The ship-to-shore gap will be filled with amphibious assault vehicles – small numbers of test AAVs are already being acquired – and the MoD is studying the MV-22 Osprey with a view to initiating procurement in 2015. Not mentioned in the budget request is the F-35B, the STOVL version of the US’s new frontline fighter aircraft, which the US Marines will operate (Japan is currently procuring only the conventional F-35A).
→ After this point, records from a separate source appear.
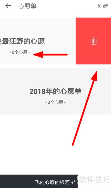 2、 在心愿单页面,只需按住想要删除的项目并向左滑动,随后点击出现的垃圾桶图标,即可轻松完成删除操作。
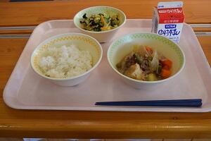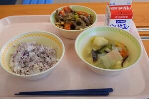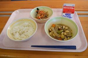 麦ごはん、とり肉と大豆の煮物、小松菜のおひたし、牛乳
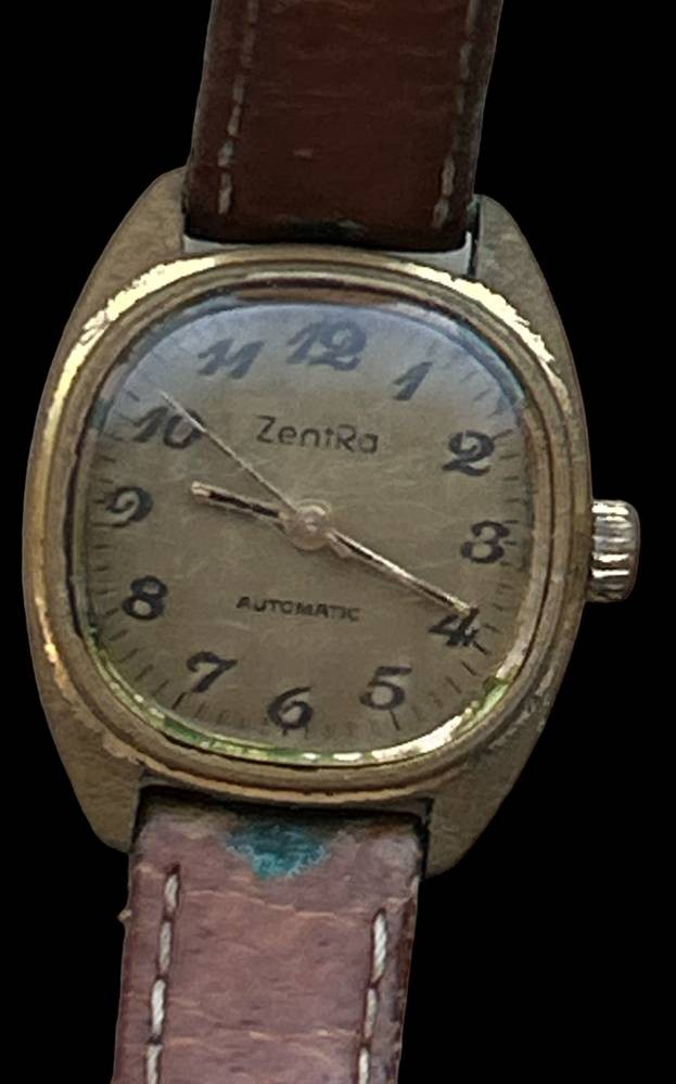 DAU "Zentra" automatic 290-210 16, Lederband, Werk läuft, ca. D-2cm, Tragespuren [1]

The ability to operate fast jets from Okinawa means that the Japanese marines may not require F-35Bs as air cover, given that their sole focus will be the Diaoyu/Senkaku, but in time a requirement for a marine-specific fighter may emerge.

However, while following the USMC’s well-worn procurement path may be the easiest option, it will not yield the best results, according to critics of U.S. Marine procurement from within the USMC itself. David Fuquea, an associate professor at the U.S. Navy War College, regards the Osprey as “the most revolutionary platform for amphibious operations since the helicopter,” and strongly encourages the JSDF to buy it. However, he says the JSDF should part ways with the U.S. Marines when it comes to the AAV – which he dismisses as World War II technology – and he instead advises Japan to buy highly mobile, tougher vehicles as well as mobile artillery which can be transported, along with the marines themselves, by the Osprey.

Fuquea’s argument is compelling given Japan’s single objective of holding or capturing the Senkaku. The JSDF will need to get boots on the ground as quickly as possible in the event of a conflict – something the Osprey delivers – but the marines then need the right equipment to hold their position once they get there. And if their task is to dislodge Chinese forces that have already landed, Fuquea warns that slow-moving AAVs are unlikely to survive as they lumber towards the beach: he says Japan needs more high-speed landing craft and armored vehicles that are more survivable than AAVs if they are to succeed.

Looking South

The new marine unit looks set to be based in Sasebo, in western Kyushu, but that is not the nearest of locations for a unit with its attention trained only on the Senkaku.

The JSDF is currently reinforcing elsewhere in Okinawa Prefecture, of which the Senkaku are a part. The GSDF is deploying a new “coastal observation unit” to Yonaguni island – the nearest point to the Senkaku at the end of the Ryukyu chain – and is reportedly looking at the option of deploying anti-ship missiles to nearby Ishigaki (though this has not been confirmed by the MoD). It is not hard to imagine some marine units moving south to one of these locations at some point in the future, to put the Senkaku within easier reach.

In the meantime, the Coast Guard unit based in Ishigaki is also receiving investment – and personal encouragement from Shinzo Abe – as a 600-man Senkaku patrol unit is established there. This new JCG unit will be the civilian equivalent of the new marine regiment – an outfit tasked solely with monitoring and protecting the Senkaku from China.

So while budget cuts and political gridlock may indeed undermine the ability of the U.S. to intervene in regional disputes, Japan is sending a very clear signal to China: it plans to hold onto the Senkaku islands, with or without American help.